Filename: 302-padding-machines-for-onion-clients.txt
Title: Hiding onion service clients using padding
Author: George Kadianakis, Mike Perry
Created: Thursday 16 May 2019
Status: Closed
Implemented-In: 0.4.1.1-alpha
NOTE: Please look at section 3 of padding-spec.txt now, not this document.
0. Overview
Tor clients use "circuits" to do anonymous communications. There are various
types of circuits. Some of them are for navigating the normal Internet,
others are for fetching Tor directory information, others are for connecting
to onion services, while others are simply for measurements and testing.
It's currently possible for MITM type of adversaries (like tor-network-level
and local-area-network adversaries) to distinguish Tor circuit types from
each other using a wide array of metadata and distinguishers.
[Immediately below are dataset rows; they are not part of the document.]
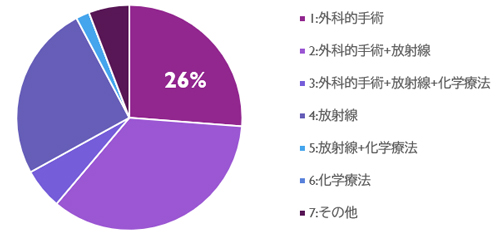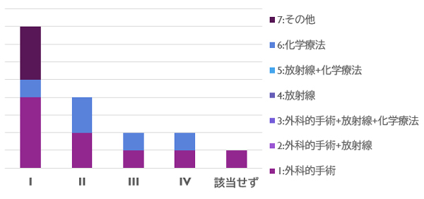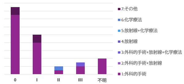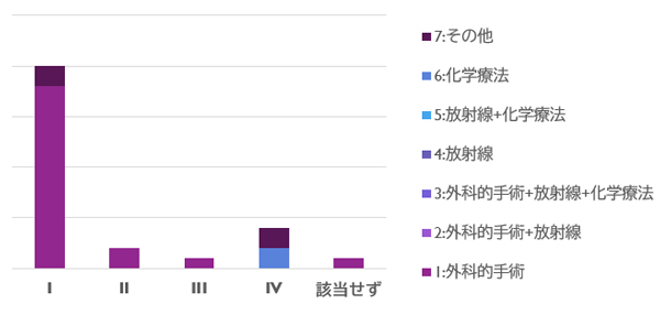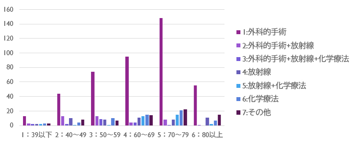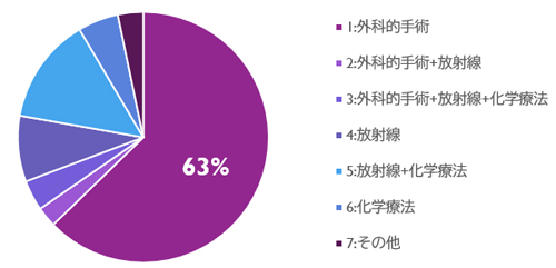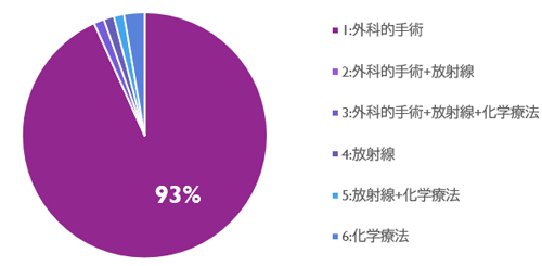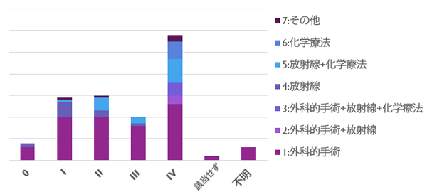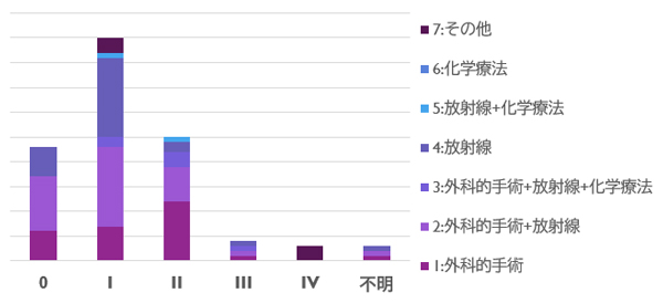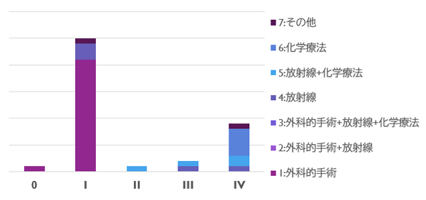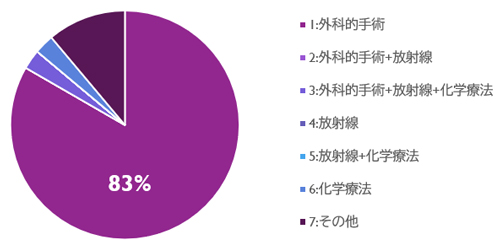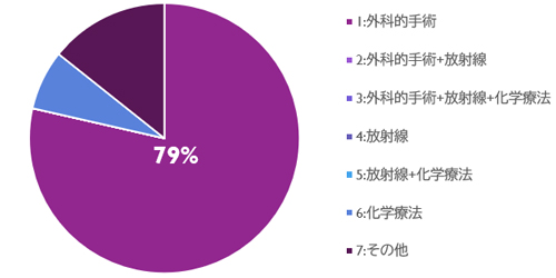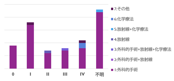 - 治療ではいずれの部位も手術治療が多く行われています。特に、早期がんに対しては手術(内視鏡を含む)の割合が高いです。
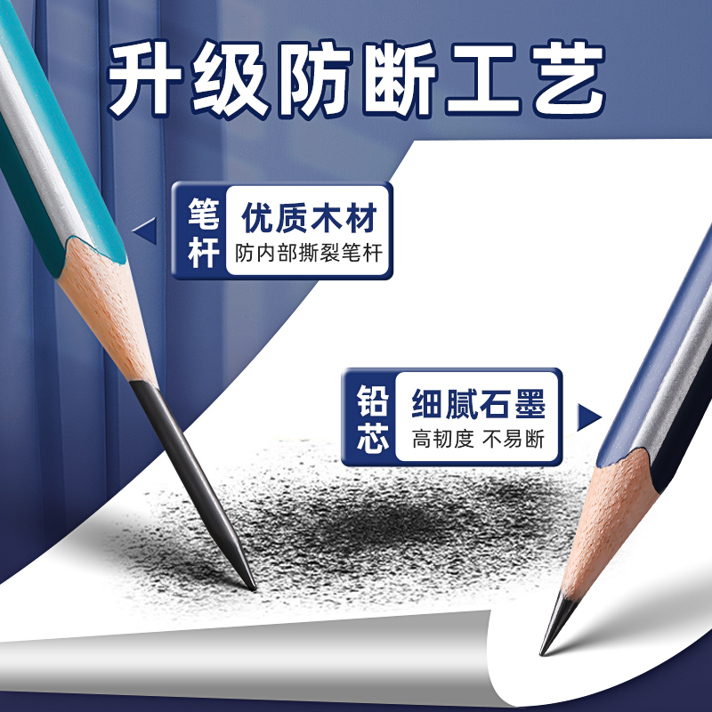 Nusign纽赛小绿杆黑木铅笔hb小学生专用一二年级学习用品正姿高颜值加粗铅芯无铅毒得力书写绘画矫姿素描初学
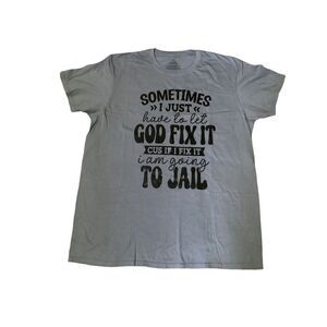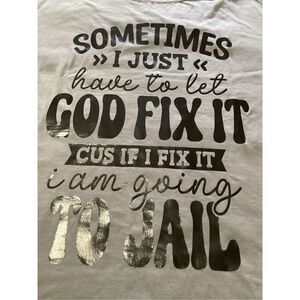 NWOT, Let God Fix It, gray tee with black graphics, tagged XL, see measurements for custom fit.
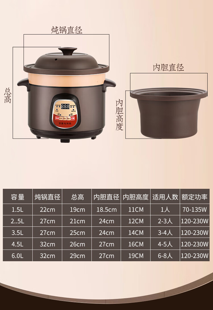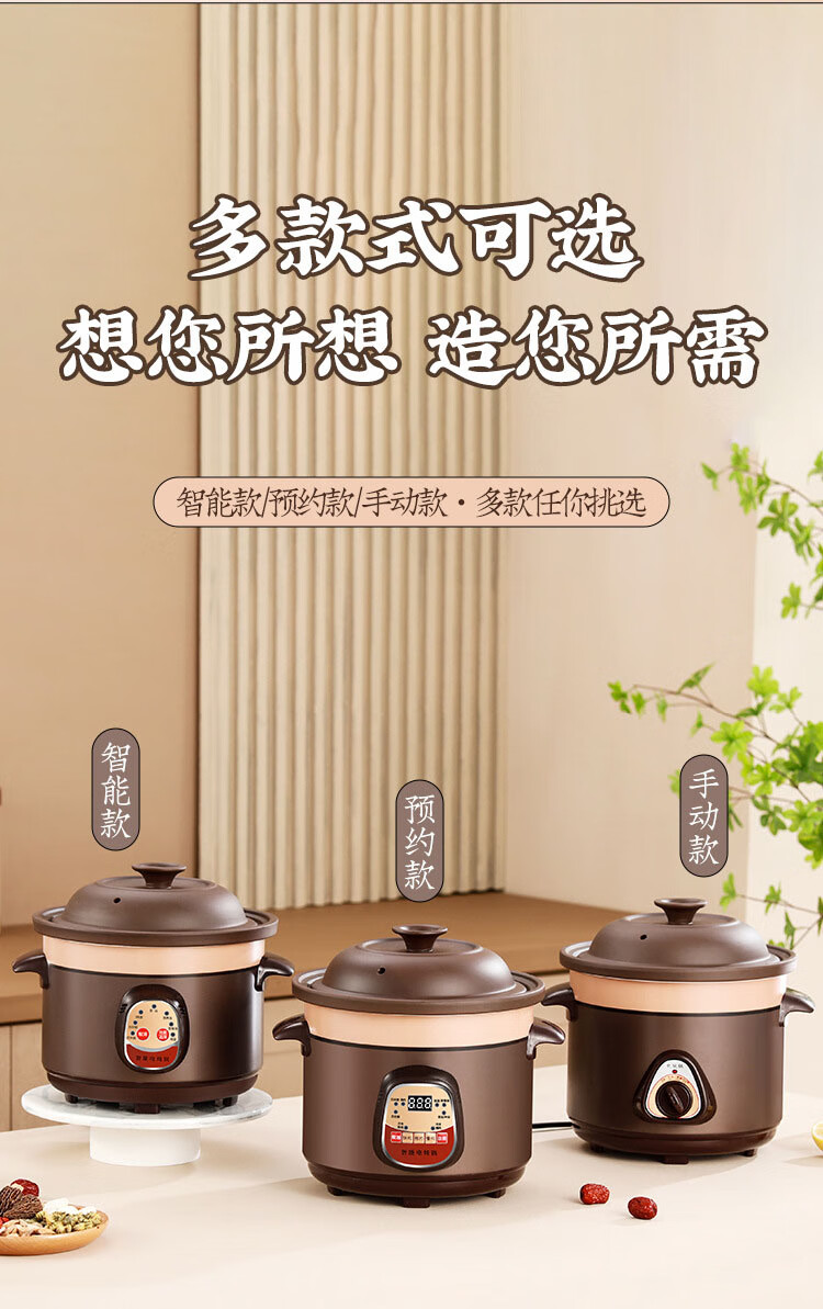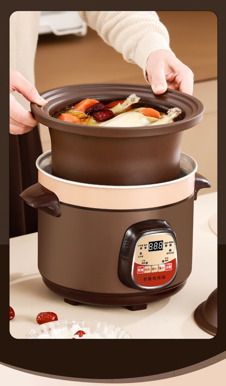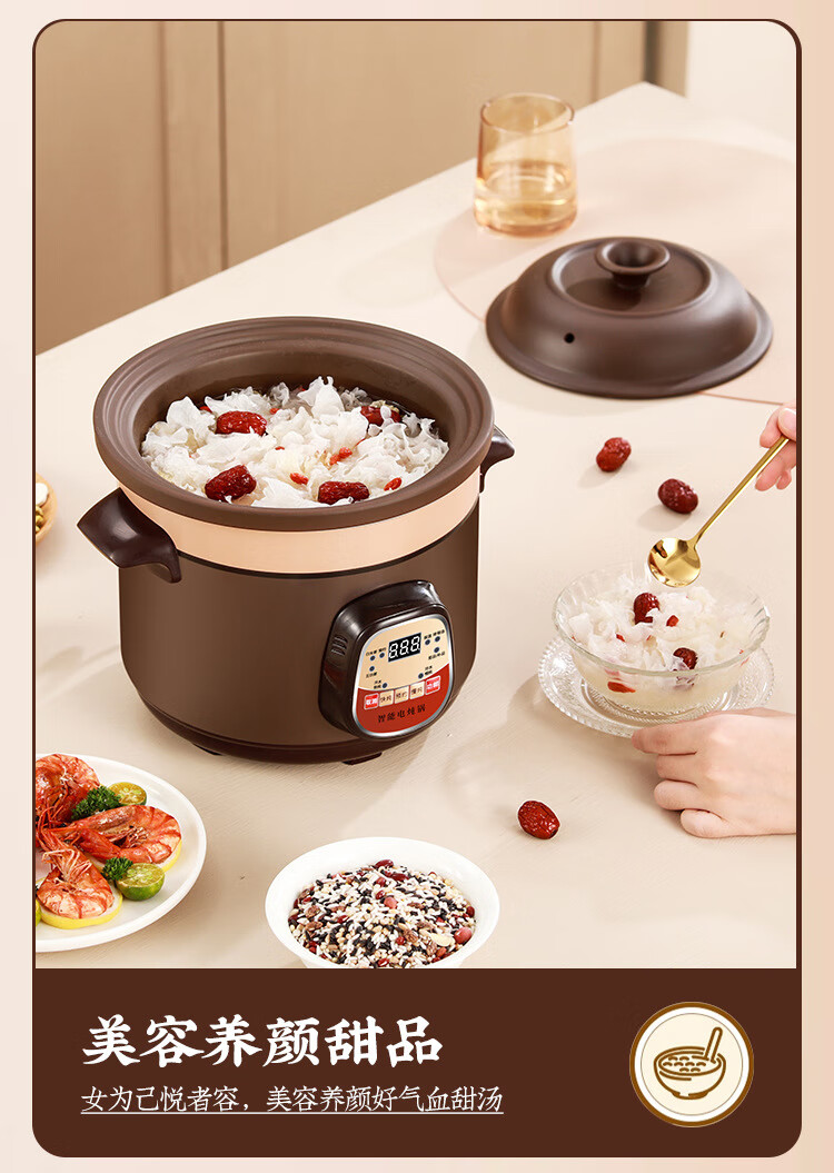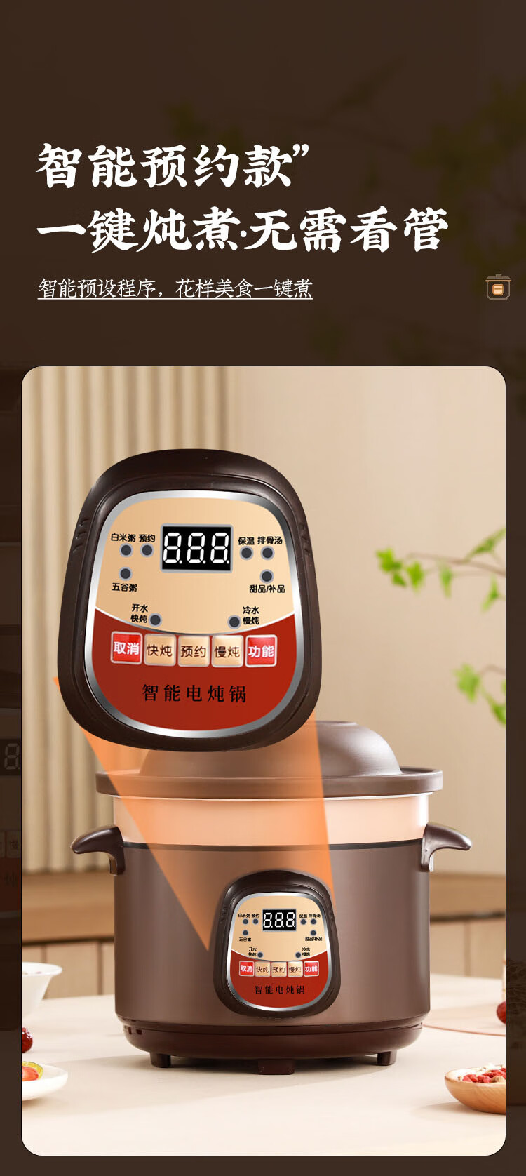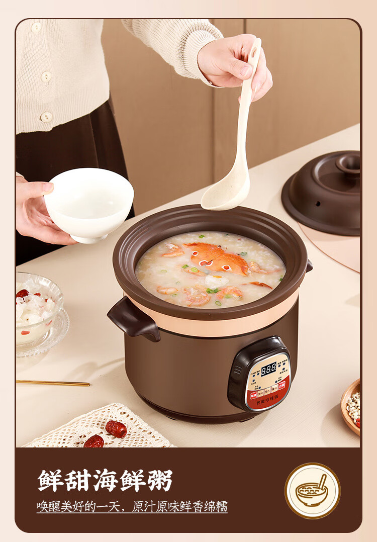 Yuanqu electric stew pot, household soup pot, electric casserole, porridge pot, food supplement pot, scheduled scheduled stew soup pot, fully automatic bird's nest health casserole, large capacity crock pot, stew pot, soup pot, plug-in, small, bear purple sand black, smart model, automatic heat preservation 2.5L (1-2 people), baby food supplement pot

In this proposal, we study various techniques that can be used to
distinguish client-side onion service circuits and provide WTF-PAD circuit
padding machines (using prop#254) to hide them against certain adversaries.
1. Motivation
We are writing this proposal for various reasons:
1) We believe that in an ideal setting MITM adversaries should not be able
to distinguish circuit types by inspecting traffic. Tor traffic should
look amorphous to an outside observer to maximize uncertainty and
anonymity properties.
Client-side onion service circuits are an easy target for this proposal,
because we believe we can improve their privacy with low bandwidth
overhead.
2) We want to start experimenting with the WTF-PAD subsystem of Tor, and
this use-case provides us with a good testbed.
3) We hope that by actually starting to use the WTF-PAD subsystem of Tor, we
will encourage more researchers to start experimenting with it.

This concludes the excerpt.